In the morning Zimbabwe struck before New Zealand had moved off their overnight score of 252 for seven, as an off-cutter from Streak bowled Cairns (33) through the gate. Vettori, nursing a back injury that may end his tour, came in with a runner, and it was a serious blow for the tourists that he was unable to bowl. He and Parore held off the best that Zimbabwe could throw at them with some calm, confident batting, waiting for the right ball and placing it appropriately, while the Zimbabwe attack was no more than steady.
Vettori, the more aggressive of the two, was disappointed to miss his fifty by just one run; like others, he appeared to misread Paul Strang's googly, and a leading edge playing back spooned a gentle low return catch, and then O'Connor (4) edged a ball to be caught by Campbell at slip.
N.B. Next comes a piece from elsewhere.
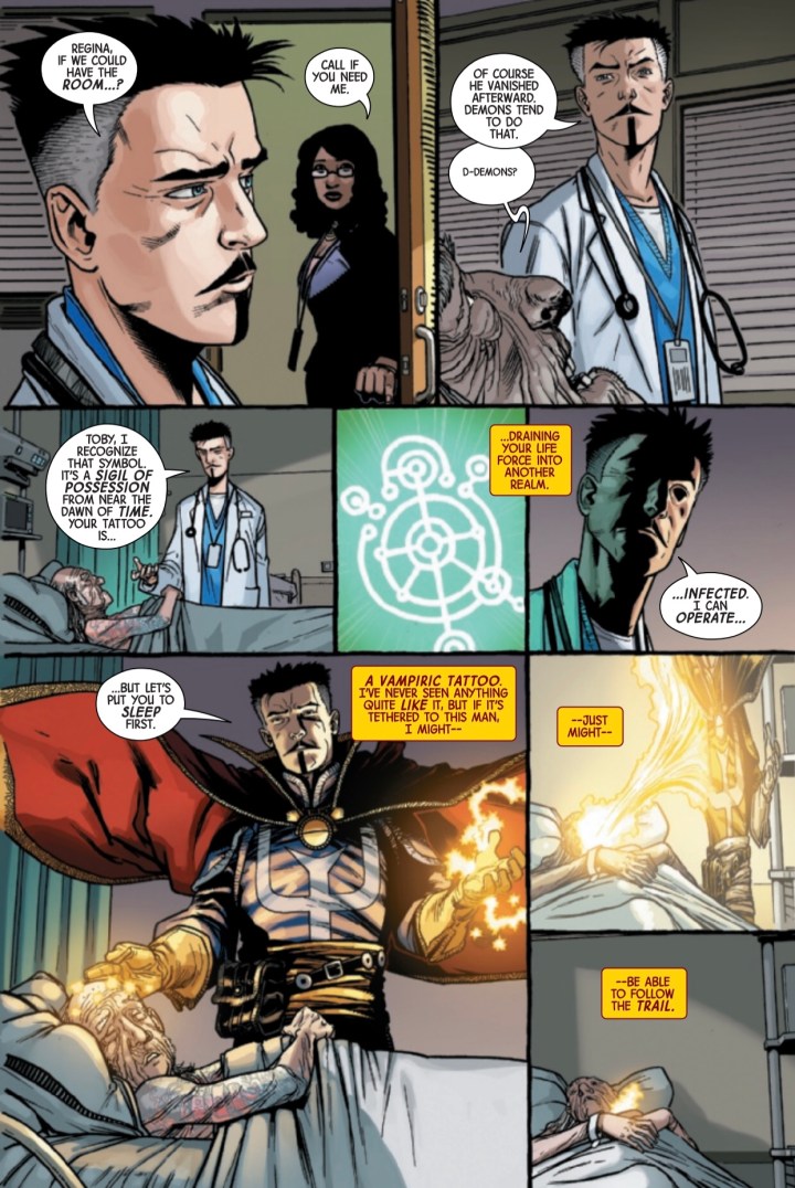 Tattoo removal isn’t in a surgeon’s job description, but when one man’s heavy metal tattoos begin coming to life Doctor Strange will have to make an exception! With the clock ticking down rapidly, will Doctor Strange be able to save his patient-or himself? Find out as Doctor Strange gets drawn into the diagnosis-literally!

New Zealand were all out for 338, a deficit of just 12 runs. Parore was unbeaten on 32, while Strang took eight wickets, easily beating Zimbabwe's previous best innings figures of six for 87 by Streak in the Lord's Test against England this year.
When Zimbabwe batted again, Cairns soon bowled Rennie (2) with a ball from wide on the crease that went through the gate; 6 for one. Then came a brief intriguing battle between Cairns and Carlisle, the former overdoing the aggression and the latter responding with some powerful shots, including a remarkable flat-batted six swatted over cover. The more gentle spin of Wiseman did the trick instead, as Carlisle (15) leapt down the pitch to be bowled through the gate; 23 for two. Without addition Grant Flower, still on 3, snicked O'Connor to Parore and Zimbabwe suddenly found themselves in grave danger of losing the match.
The situation might have worsened when Andy Flower, on 6, cut O'Connor fiercely straight to gully, but McMillan could not hold the catch. After tea Flower and Campbell shared a fighting partnership, although surviving a couple of close umpiring calls. Just as it was developing, though, Flower was trapped in front of his stumps by Astle for 22 and Zimbabwe were 75 for four. Wishart (1) had a most uncomfortable time before being caught at short leg by Richardson off Wiseman; 86 for five. At the close Campbell was on 45 and looking very safe, while Streak held firm with great determination for 5 not out.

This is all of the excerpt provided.